_SOURCE DATA:_
——————

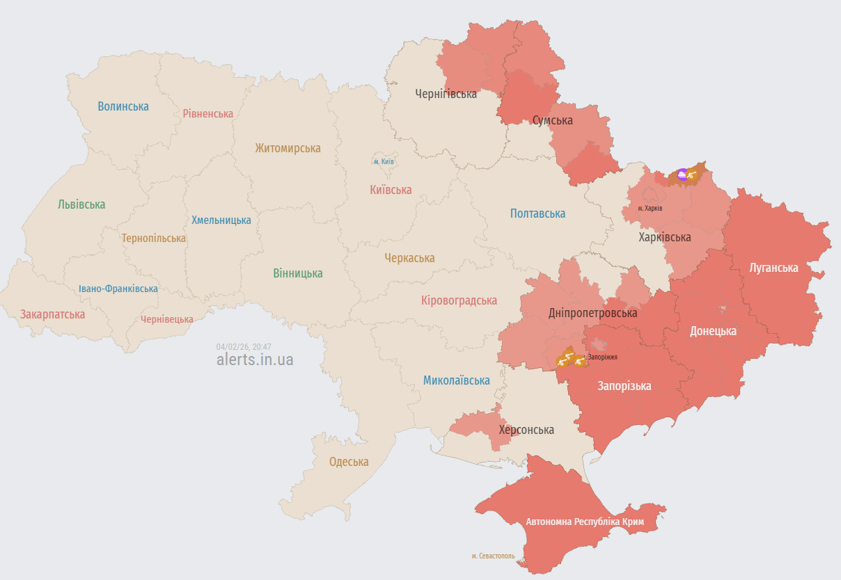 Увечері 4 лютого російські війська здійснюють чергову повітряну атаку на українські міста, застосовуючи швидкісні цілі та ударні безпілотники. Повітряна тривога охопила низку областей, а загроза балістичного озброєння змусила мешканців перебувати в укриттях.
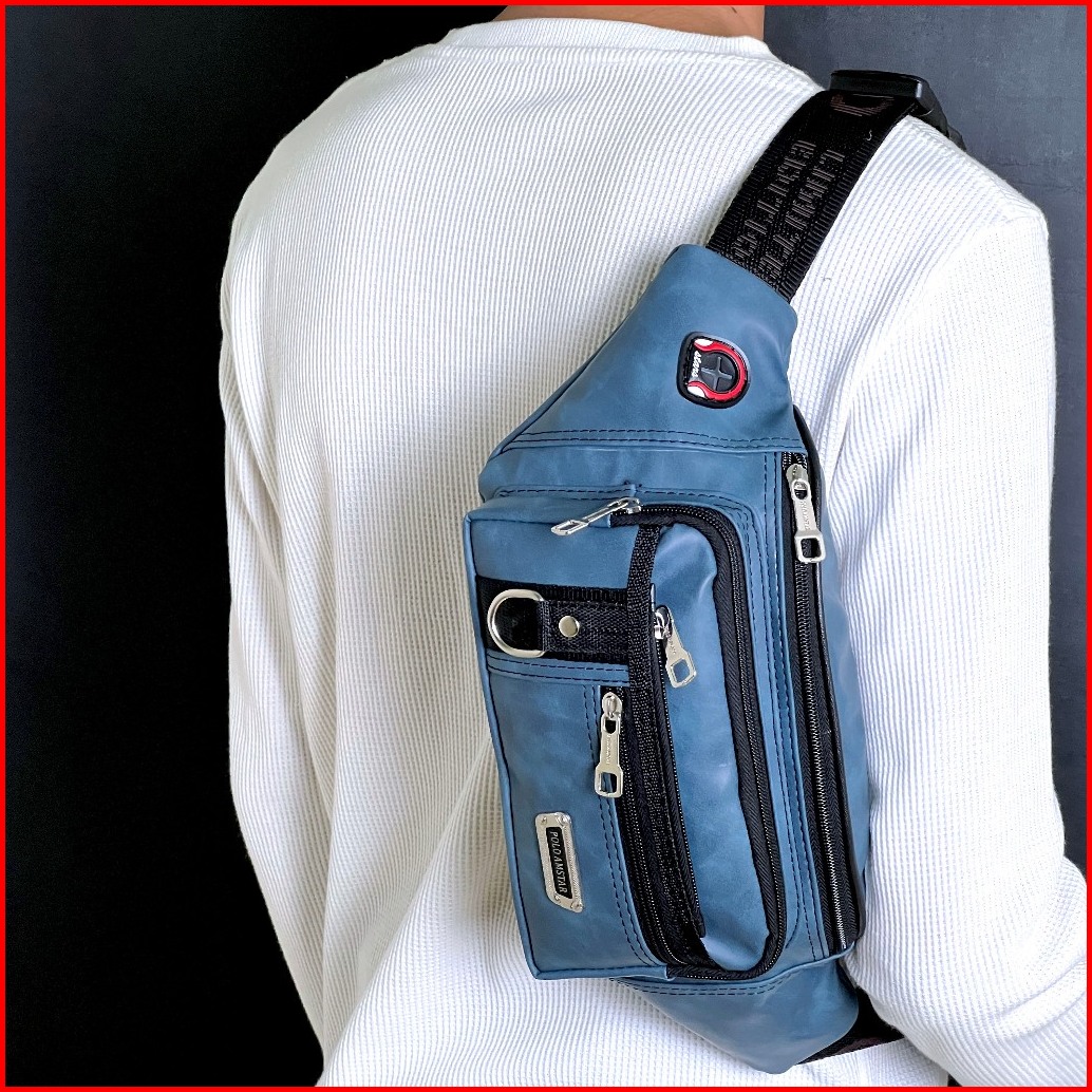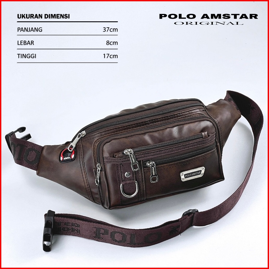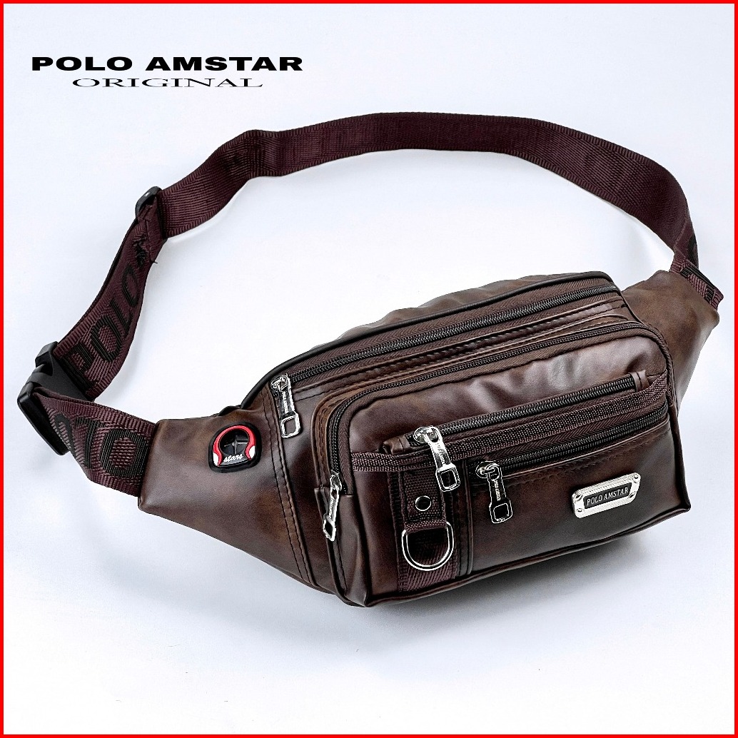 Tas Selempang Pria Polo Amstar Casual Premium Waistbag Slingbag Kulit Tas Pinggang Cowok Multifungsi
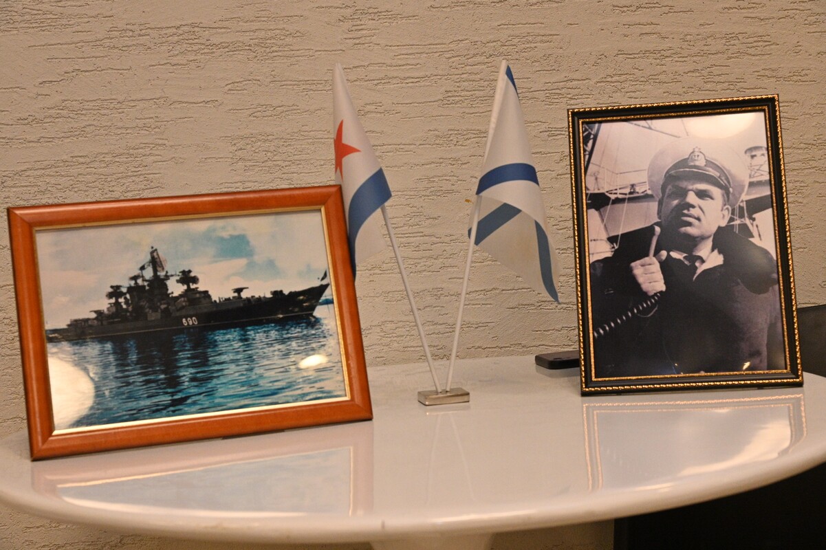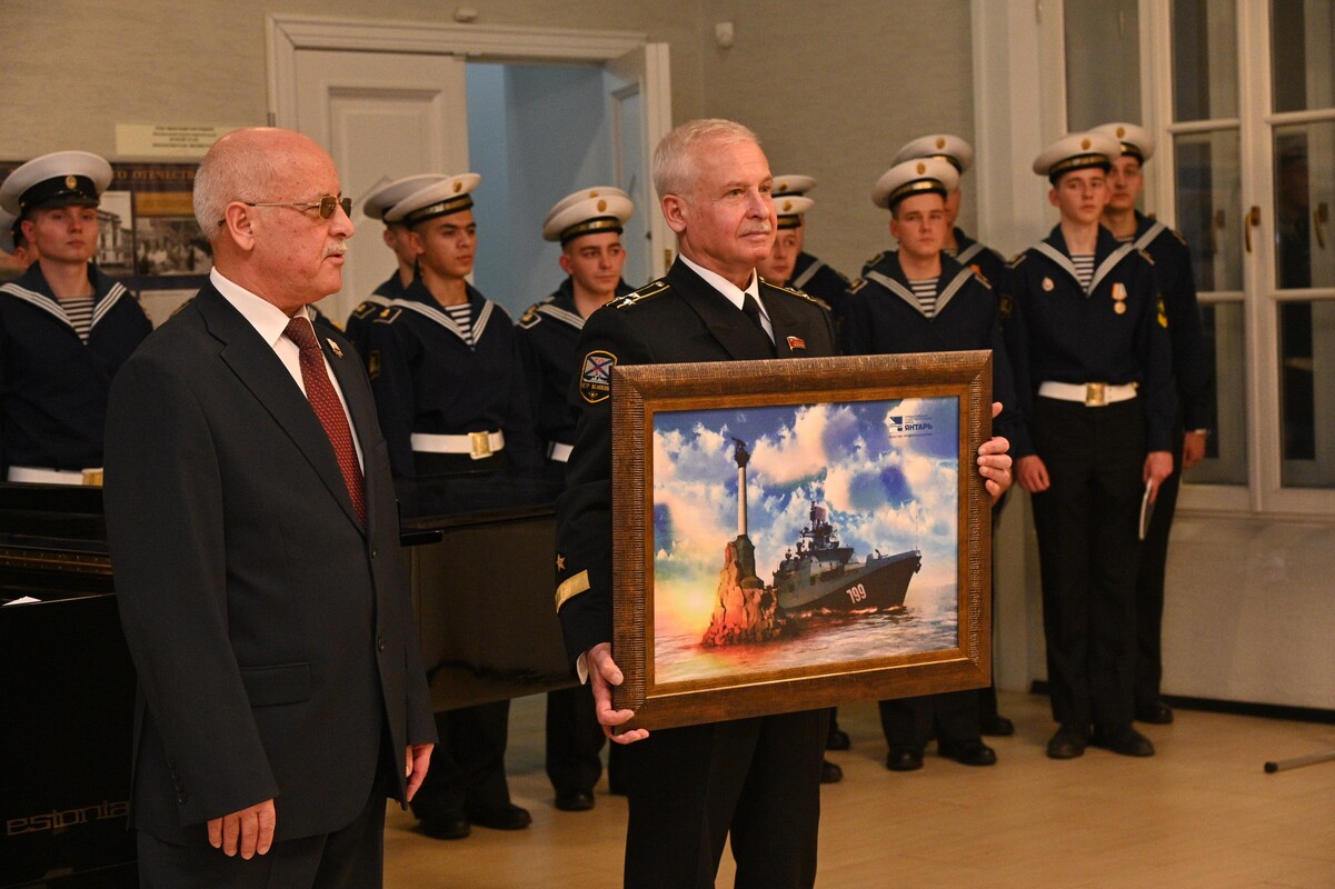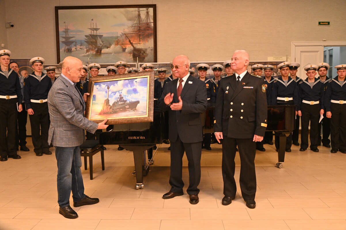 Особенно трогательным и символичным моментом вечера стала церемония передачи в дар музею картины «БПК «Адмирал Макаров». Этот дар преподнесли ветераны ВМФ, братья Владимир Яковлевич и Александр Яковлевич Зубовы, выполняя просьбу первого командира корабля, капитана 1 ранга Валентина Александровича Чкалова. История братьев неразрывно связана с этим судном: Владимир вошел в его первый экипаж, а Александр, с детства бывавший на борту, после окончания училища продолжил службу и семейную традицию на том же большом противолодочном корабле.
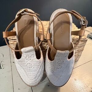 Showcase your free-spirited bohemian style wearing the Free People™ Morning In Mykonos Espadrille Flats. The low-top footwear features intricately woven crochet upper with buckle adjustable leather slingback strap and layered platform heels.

——————

_TASK TO CARRY OUT:_ Each of the lines above should be transcribed exactly; no image is to be copied.

_ANSWER TO THE PROBLEM:_
 Увечері 4 лютого російські війська здійснюють чергову повітряну атаку на українські міста, застосовуючи швидкісні цілі та ударні безпілотники. Повітряна тривога охопила низку областей, а загроза балістичного озброєння змусила мешканців перебувати в укриттях.
 Tas Selempang Pria Polo Amstar Casual Premium Waistbag Slingbag Kulit Tas Pinggang Cowok Multifungsi
 Особенно трогательным и символичным моментом вечера стала церемония передачи в дар музею картины «БПК «Адмирал Макаров». Этот дар преподнесли ветераны ВМФ, братья Владимир Яковлевич и Александр Яковлевич Зубовы, выполняя просьбу первого командира корабля, капитана 1 ранга Валентина Александровича Чкалова. История братьев неразрывно связана с этим судном: Владимир вошел в его первый экипаж, а Александр, с детства бывавший на борту, после окончания училища продолжил службу и семейную традицию на том же большом противолодочном корабле.
 Showcase your free-spirited bohemian style wearing the Free People™ Morning In Mykonos Espadrille Flats. The low-top footwear features intricately woven crochet upper with buckle adjustable leather slingback strap and layered platform heels.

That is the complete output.